It is straightforward to copy files to and from ADLS from the Hadoop command shell. The Hadoop file system shell permits this to be done using the copyFromLocal option. Files were initially created on the attached Azure Premium Storage disks. These were then copied to ADLS to estimate outbound throughput and then copied back to measure inbound throughput.
The following commands were used for this purpose; they were executed concurrently in multiple threads, sufficient in number to utilize available ADLS capacity.
To copy to ADLS:
hadoop fs -copyFromLocal <local-path-to-file> adl://account-name/path-to-file
To copy back from ADLS:
hadoop fs -copyToLocal adl://account-name/path-to-file <local-path-to-file>
It became clear while tuning performance that Azure disk storage has throughput limits that can come into play prior to hitting ADLS limits.
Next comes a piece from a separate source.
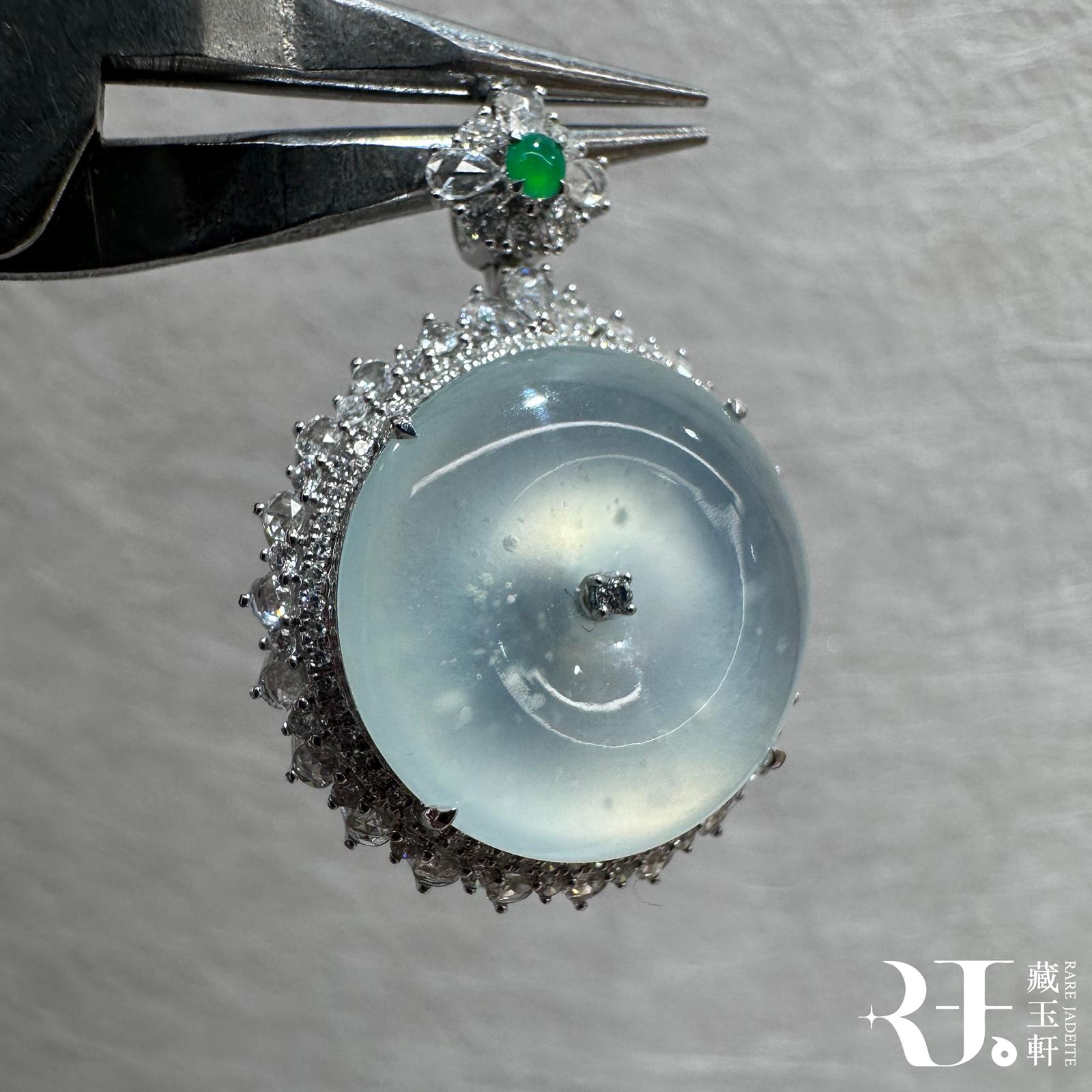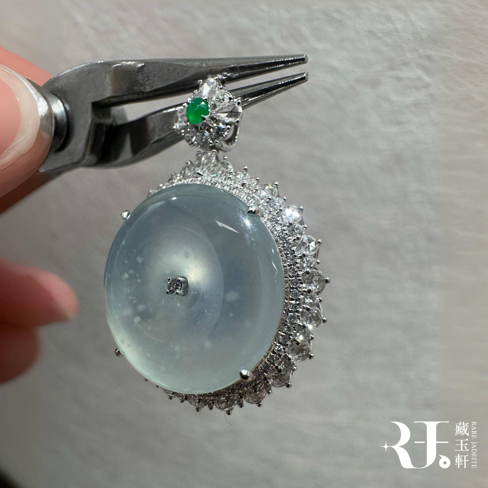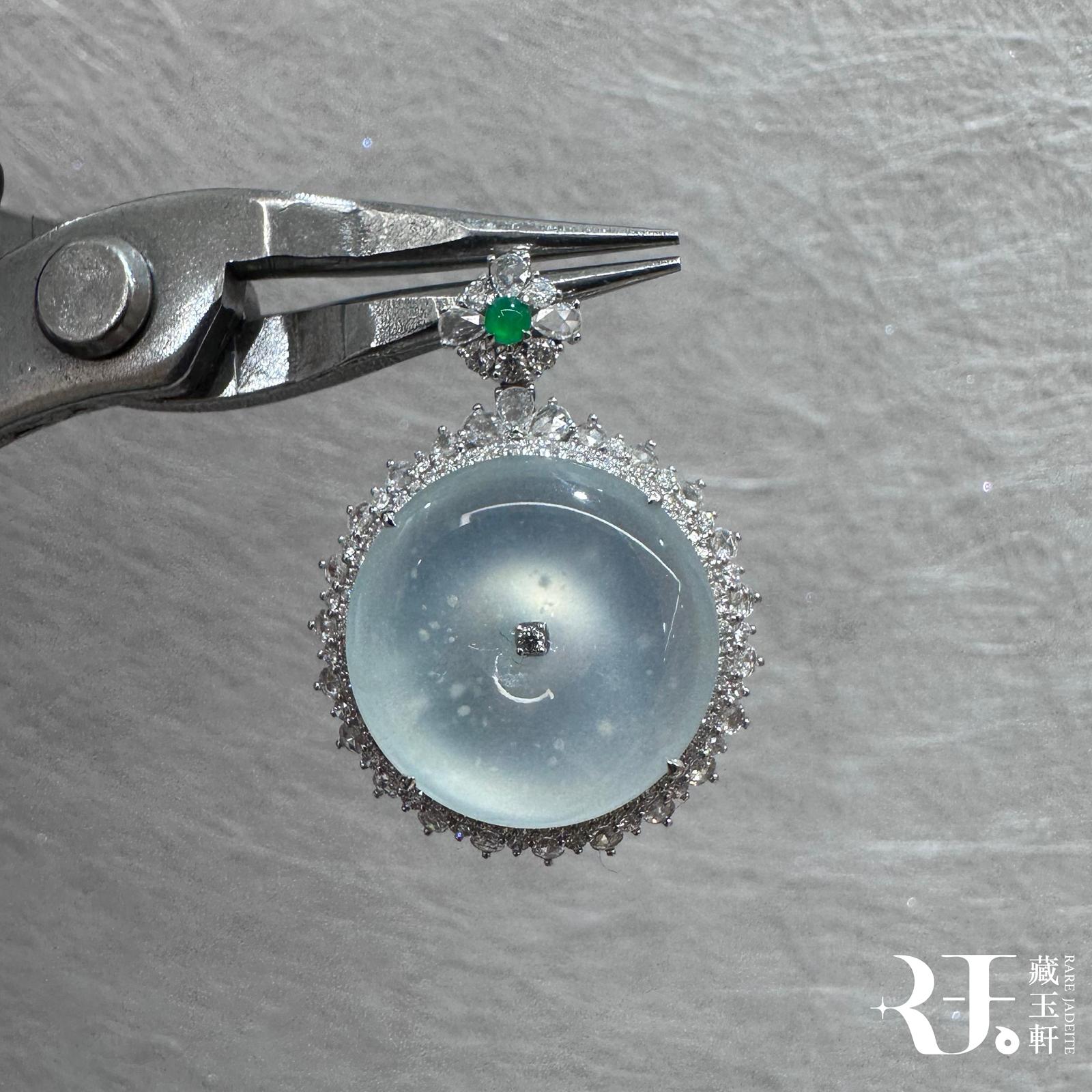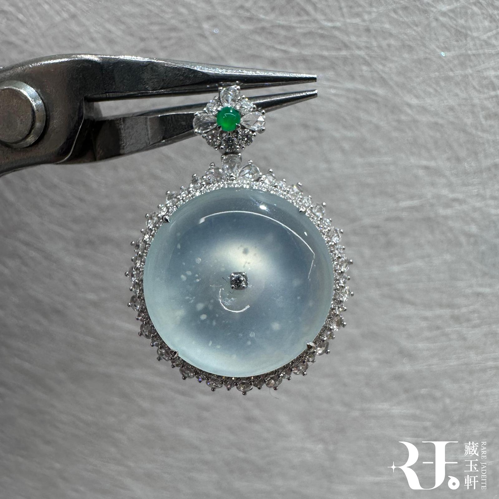 翡翠玉質通透無暇水潤,搭配18K金及鑽石圍鑲,上身大氣優雅。

The disk limits were circumvented by reading from /dev/zero for the ADLS write test, and writing to /dev/null for the ADLS read test.
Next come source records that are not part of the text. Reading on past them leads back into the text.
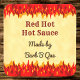 Um adesivo de conserva ou jarra personalizado com letras vermelhas, ocidentais e castanhas, para molhos quentes, vernizes, salsa ou outras receitas quentes com chamas vermelhas e laranja à volta do design, num fundo de pergaminho falso.
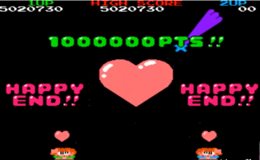 역시나 마지막은 그녀와 함께! 마왕의 머리도 함께 축하해주는 것이 포인트!!! (출처=게임동아) 꿀딴지곰 : ‘원더보이’의 엔딩은 정말 짧지요; 저렇게 여친과 정면을 보고 끝입니다; 아마도 오락실용 게임이다보니 엔딩을 보면서 시간을 끌게 하는 것 보다 동전을 넣게 하기 위해 극단적으로 엔딩을 줄인 케이스라 할 수 있겠네요.
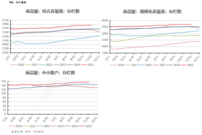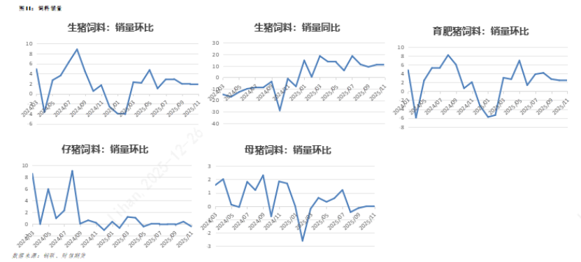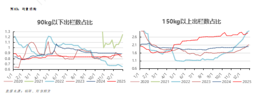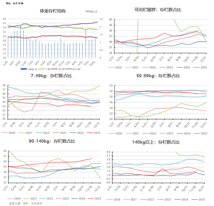 8、出栏体重:据钢联数据显示,2025年出栏均重与2024年变化不大,整体持平,下半年在大猪需求传统旺季的背景下,增幅亦不明显,一方面是政策引导减重出栏,另一方面是部分企业养殖利润仍就亏损,增重意愿不强。2026年出栏体重或整体平稳,与25年出栏均重变化不大,26年下半年或可能出现一定幅度的增量,主要原因是预期利润修复的背景下,养殖端会增重出栏,提高销售利润。
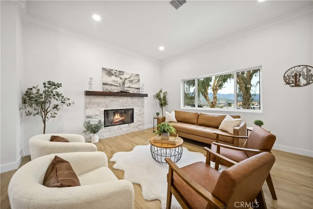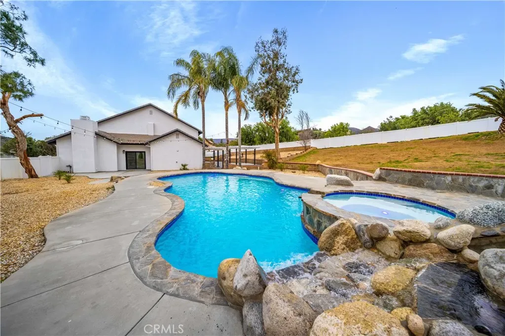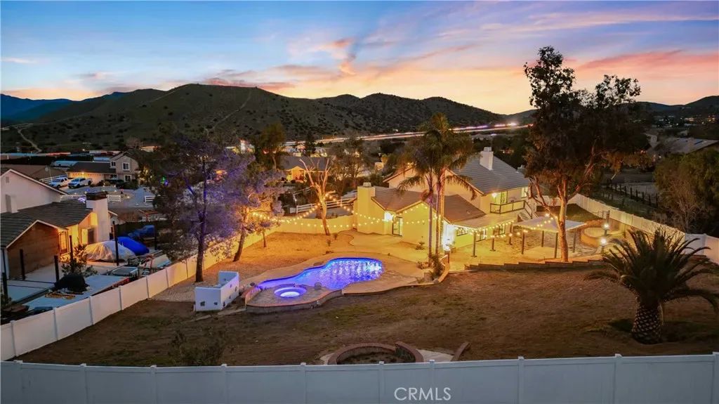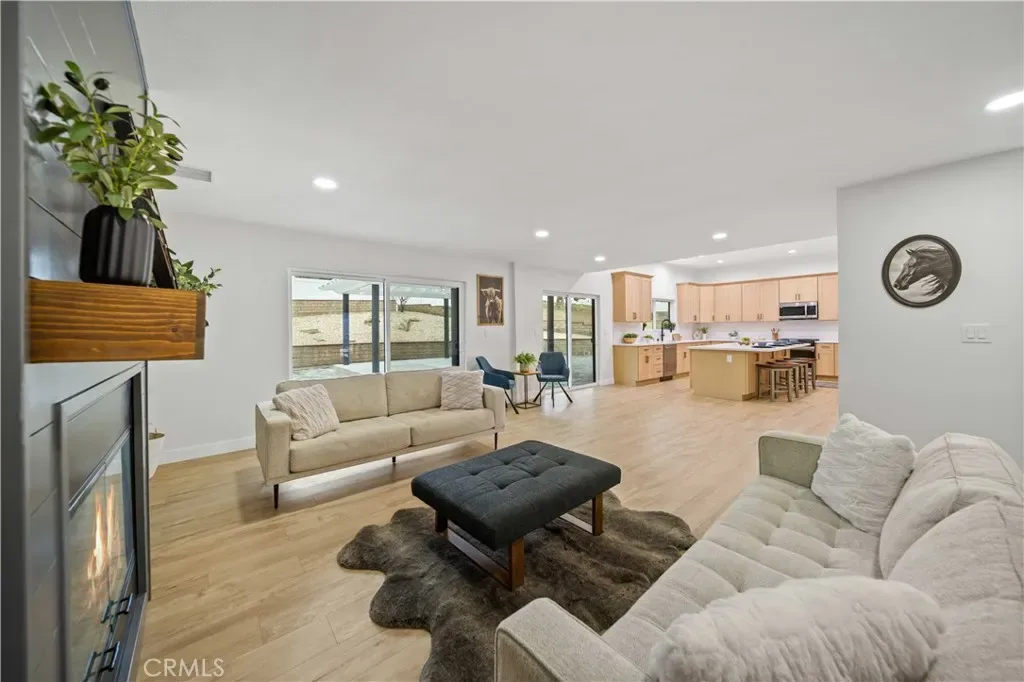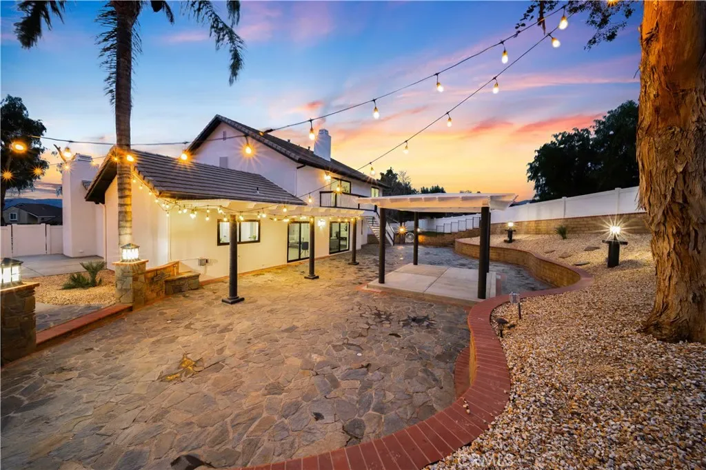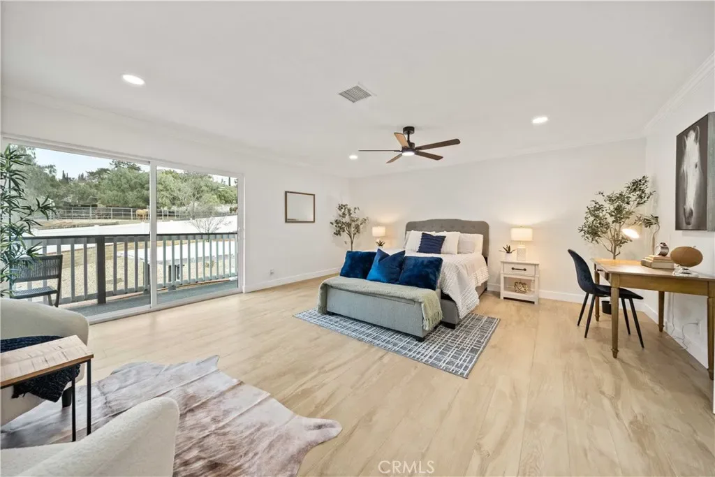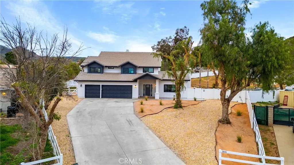 Nestled within a quiet cul-de-sac on a spacious one-acre lot, this beautifully designed two-story Acton residence offers four bedrooms and four bathrooms, thoughtfully configured to meet the needs of the most discerning buyer. With approximately 3,100 square feet of living space, every corner of this home has been carefully tailored to provide both comfort and sophistication. Upon entering, you are welcomed by a spectacular staircase and elegant laminate wood flooring that flows throughout the home in a soft, neutral tone. To the right, a spacious formal living room showcases a grand stone-finished fireplace with a striking wood mantel, creating a warm and inviting atmosphere. Adjacent to this space is a generous dining area, perfectly positioned to capture serene views of the backyard, pool, and spa.The heart of the home is the expansive kitchen, featuring newly installed neutral-toned cabinetry accented with sleek black hardware, abundant storage, and a large center island with seating. Stainless steel appliances complete this stylish and functional space. The kitchen opens seamlessly to the family room, where a second private fireplace adds warmth and character. Two large sliding doors flood the space with natural light and provide effortless access to the backyard. Located on the main floor is a private guest suite, offering peaceful views of the rear yard and its own full bathroom—ideal for visitors or multigenerational living.? Upstairs, the home continues to impress with a spacious primary suite designed as a true retreat. This luxurious space features an oversized walk-in closet and a spa-inspired en-suite bathroom, creating a private sanctuary for relaxation. Down the hall, two additional generously sized bedrooms share a Jack-and-Jill bathroom, providing convenient access from each room. Each bathroom throughout the home is beautifully appointed with elegant tile flooring and stunning tiled showers with full glass enclosures, adding a refined, spa-like touch to every space.? Outside, the expansive one-acre property offers endless possibilities. The beautifully landscaped grounds include a stone-paved patio with exterior lighting and a pergola—perfect for entertaining or unwinding under the stars. An additional tucked-away section of the rear yard provides space for horses, animals, corrals, tractors, or recreational toys, making this property as versatile as it is beautiful.

The test results below are obtained from a single Data Node of the Azure DS14_v2 instance type, which has 112 GB memory, 16 cores and features a 768 MB/s disk throughput limit. There are 15 P20 Premium Storage disks attached to it. This number is sufficient to ensure, that when copying files from and to the disks, their total throughput is not a limiting factor.
Azure Premium Storage delivers high-performance, low-latency disk support for virtual machines with I/O-intensive workloads. For durability, Premium Storage features Locally Redundant Storage (LRS) — there are three copies made of any data stored on this medium.
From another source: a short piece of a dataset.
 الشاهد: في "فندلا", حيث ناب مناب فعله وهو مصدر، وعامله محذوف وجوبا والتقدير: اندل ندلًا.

The table below provides a summary of the results. For each test, it indicates the type of bottleneck that would likely restrict any higher ADLS throughput performance.
|ADLS write||746||Azure Python SDK||Limited by source disk throughput|
|ADLS read||799||Azure Python SDK||Limited by destination disk throughput|
|ADLS write||689||copyFromLocal||Limited by source disk throughput|
|ADLS write||1020||/dev/zero -> ADLS||Likely limited by network throughput|
|ADLS read||1156||ADLS -> /dev/null||Likely limited by network throughput|
Now that we know the read and write throughput characteristics of a single Data Node, we would like to see how per-node performance scales when the number of Data Nodes in a cluster is increased.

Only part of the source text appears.